Мистер Митчелл тонко улыбнулся, а Габриэлла, включив диктофон, поставила его на лакированную поверхность письменного стола и вся обратилась в слух.

Когда Самюэль прервался, чтобы промочить пересохшее горло, большие настенные часы в деревянном футляре пробили двенадцать раз, и изящные золоченные стрелки, точно вторя им, остановились на той же цифре. Полночь.

– Да, Габриэлла, все те вещи, что вы видели внизу – подлинные. Это действительно редкие и дорогостоящие предметы, но по-настоящему уникальные произведения искусства не продаются в антикварной лавке, в этом вы правы. А жемчужиной моей частной коллекции, – он немного наклонился и, поколдовав над сейфом, который был тщательно скрыт от посторонних глаз, извлек бархатный мешочек, – по праву считается вот это!

Огромный голубой бриллиант, заключенный в изысканную золотую оправу, засиял множеством граней, а его необычная, неправильная форма одарила камень только ему свойственной изюминкой и неповторимостью, сделав еще более притягательным и желанным для любого ценителя прекрасного. Габриэлла замерла в восхищении. Она и представить не могла, что такое невероятное украшение будет находиться в нескольких дюймах от нее. Глядя на него, она ощутила непреодолимую тягу дотронуться, почувствовать пальцами твердость породы, но неимоверным усилием воли подавила этот несвойственный ей порыв и вопросительно посмотрела на Самюэля.

– Это один из осколков бриллианта Ибелин, – предвосхитив готовый сорваться вопрос, произнес Самюэль. – Габриэлла, вам известно, с чего началось падение Ордена Тамплиеров?

– Конечно, с судебного процесса во Франции и последующей казни через сожжение Великого магистра и его ближайших соратников.

Подтвердив кивком ее слова, Митчелл заговорил:

– Все ценности Ордена и его представителей после вынесения приговора были конфискованы, включая молитвенник великого магистра Жака де Моле, инкрустированный огромным голубым бриллиантом, редчайшим по своей красоте и происхождению, привезенным из Святой земли. Легенда гласит: когда магистр, прокричав ужасные проклятия, начал задыхаться от поднявшегося дыма, а огонь перекинулся на его рясу и лицо, бриллиант в молитвеннике раскололся на три неровные части, символизируя тем самым три божественных заповеди, которые нарушил король Франции: не убивай; не произноси ложного свидетельства на ближнего своего; не желай дома ближнего своего и благ его.

– И вы хотите сказать, что этот камень – часть целого, того самого бриллианта? Но как? Как такая ценная вещь оказалась у вас, мистер Митчелл? Почему он не находится в Лувре? – Отодвинув от себя давно остывший кофе, Габриэлла с немалой долей скептицизма осмотрела камень и подняла глаза на Самюэля, ожидая ответа.
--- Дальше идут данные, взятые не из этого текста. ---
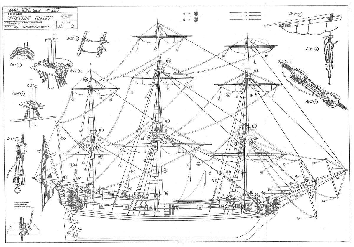 Чертёж модели галерного корабля Peregrine, Galley / Пилигрим-галера (1700) для сборки и историческая справка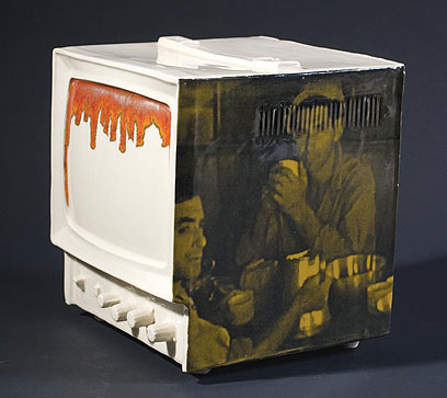 עבודה מהסדרה "ערוץ אלדווארה", שלומית באומן, קרמיקה, הדפס וזיגוג

– Дорогая Габриэлла, не все подлинные шедевры находятся в государственных музеях и королевских дворцах. Много поистине редких и исключительных вещей нашли пристанище в частных коллекциях. А этот осколок за свою более чем семисотлетнюю историю много, где побывал и сменил не одного хозяина. После казни Филипп Красивый велел избавиться от камня и молитвенника, судьбу последнего, кстати, современным историкам не удалось проследить, его след затерялся где-то в семнадцатом веке. А бриллиант торжественно нес свой изъян, как печать своего первого хозяина. – Митчелл взял кольцо и указал на изломленный край. – Видите, как преломляется свет в месте разлома и можно заглянуть вглубь камня, в самое сердце? – Самюэль замолчал, продолжая рассматривать сердцевину камня, пока звук клаксона, донесшийся с улицы, не вернул его в реальность, разбавив магическую тишину, окутавшую полутемный кабинет, привычными звуками.

– Этот осколок сменил множество хозяев: Карл Валуа владел им до смерти своего венценосного брата, но после – решил продать, уверовав в страшное проклятие Великого магистра; русский князь – богатый и влиятельный, приближенный к царю и сосланный за попытку совершить дворцовый переворот в Сибирь; еврейский банкир-ростовщик, которому было плевать на историческую ценность бриллианта, его волновала только прибыль, полученная от продажи… Вот только некоторые из списка владельцев. В начале девятнадцатого века бриллиант снова оказался в Париже, у моего предка. Через несколько лет он решил оставить Наполеоновскую Францию и осесть в Америке. Моя семья уже более двухсот лет владеет этой реликвией. – Самюэль взял в руки кольцо и надел на безымянный палец. – Некий искусный ювелир вставил его в оправу, но не умалил этим его достоинство, а только подчеркнул изящество и первозданную красоту. Это кольцо скорее экспонат, чем украшение, которое можно носить, но здесь, среди всех этих старинных вещей меня особенно остро одолевает желание надеть его и ощутить дух прошлого, прочувствовать кожей невероятные судьбы великих людей.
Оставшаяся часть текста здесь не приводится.